Under the cap-and-trade plan, 102 large industrial emitters will get free permits to produce GHGs at roughly current levels in 2017, but they will have to reduce them each year to 2020, the source said, adding the “free allowance” approach is meant to be “transitional only” to give industry time to adjust, and would be reviewed in 2020.
Meanwhile, fuel wholesalers will have to purchase emissions allowances for every litre of gasoline or cubic metre of natural gas they sell in the province. At a minimum price of $17 a tonne of carbon dioxide, the levy would add about 4.3 cents a litre of gasoline and up to $9 a month for heating the average home, according to government estimates.
Revenue from the sale of emission permits – expected to be more than $1.3-billion a year – will be funnelled into a greenhouse gas reduction account, to be managed by the govern- ment. The fund will have an explicit list of the type of investments that can be made and will issue an annual report; all spending is meant to be in addition to what is already being allocated for transit and other environmental programs, the source said.
The Ontario move comes as Canada’s climate debate heats up. Prime Minister Justin Trudeau will meet premiers next week in Vancouver in an attempt to fashion a national climate strategy that would include a minimum price on carbon of at least $15 a tonne across the country. The floor price would be achieved either through a federal effort, or a provincial carbon tax or cap-and-trade plan.
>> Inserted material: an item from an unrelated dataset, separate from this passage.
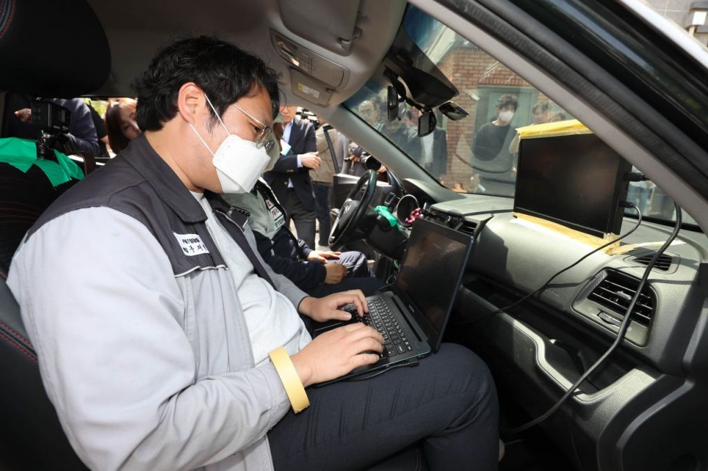 강원 강릉에서 2022년 12월 이도현(사망 당시 12세) 군이 숨진 차량 급발진 의심 사고와 관련해 차량의 결함에 의한 급발진 여부를 밝힐 '재연 시험'이 2024년 4월19일 오후 강릉시 회산로에서 진행됐다. 사고 차량과 같은 '2018년식 티볼리 에어' 차량에 카메라와 변속장치 진단기가 설치되고 있다. 연합뉴스

Saskatchewan Premier Brad Wall steadfastly opposes any imposition of a minimum carbon price, as does Yukon Premier Darrell Pasloski, despite the fact their jurisdictions would keep the revenue.
At the Paris climate summit in December, Canada committed to reducing GHGs by 30 per cent from 2005 levels by 2030, a goal Environment Minister Catherine McKenna has described as a “floor.” While environmentalists decry the target as too weak, the country is not on track to meet it and Environment Canada says more effort is required.
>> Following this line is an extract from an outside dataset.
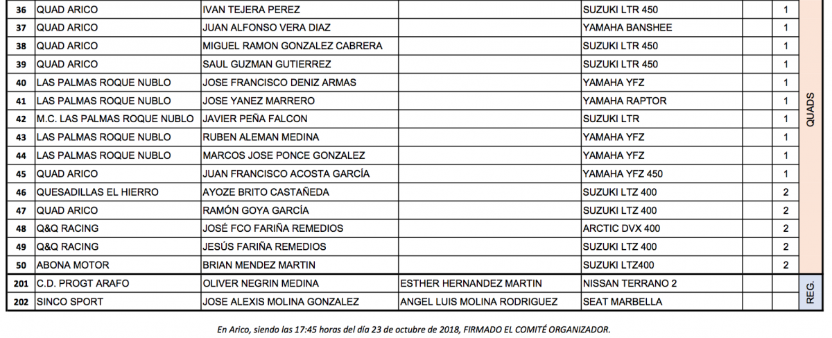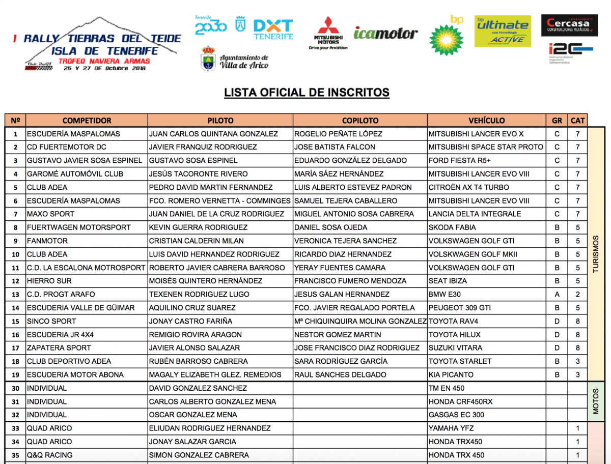 Lista de Inscritos del Rally Tierras del Teide – Isla de Tenerife Por Rafa León Última actualización: 24/10/2018 00:04 Compartir FacebookTwitterWhatsAppEmailTelegramLinkedin Publicamos la lista de Inscritos del Rally Tierras del Teide – Isla de Tenerife · Trofeo Naviera Armas, cita del Campeonato de Canarias de Rallys de Tierra 2018. CanariasRally Tierras del Teide – Isla de TenerifeTenerife Compartir

Ontario has had a target to reduce GHG emissions by 15 per cent from 1990 levels by 2020 and, ahead of the Paris summit, Premier Kathleen Wynne announced the goal of a 37-per-cent reduction by 2030. Environment Minister Glen Murray will table the proposed legislation that will set those provincial targets in law, require the province to review its plans every five years to ensure it is on track, and set up the governance of the cap-and-trade system.
The province will be joining Quebec and California under the Western Climate Initiative, which has a joint market for tradeable emission credits.
Under Ontario’s plan, virtually all burning of fossil fuels in the province will require an emissions allowance, either in the hands of fuel wholesalers or large industrial emitters. The electricity sector will also be covered, though its allowances will be free and it will not face a declining cap in recognition of the huge costs to consumers from previous emissions-reduction policies.
The Liberal government hopes to offset the increased costs to households and small businesses by financing an array of energy-saving programs, including housing retrofits and rebates for fuel-efficient hybrids and electric vehicles.
The proposal to provide free allowances to the largest polluters has been controversial – though the government source noted that all allowances will be included under the provincewide cap, which would be lowered by 4.2 per cent a year to 2020. Individuals facilities will also see their free allowances reduced annually, and if they can’t keep up, they will have to purchase credits on the market.
Industry lobbyists argued that if Ontario manufacturers had to pay for the right to pollute, they would see their competitiveness undermined, and their production – along with the associated emissions – would migrate elsewhere.
But some experts have called those concerns overblown, except for a few specific sectors such as cement, steel and petrochemicals. In a recent report, Canada’s Ecofiscal Commission – a think tank of private-sector economists – suggested Ontario’s manufacturing sector “is mostly unexposed to competitiveness pressure from carbon pricing.”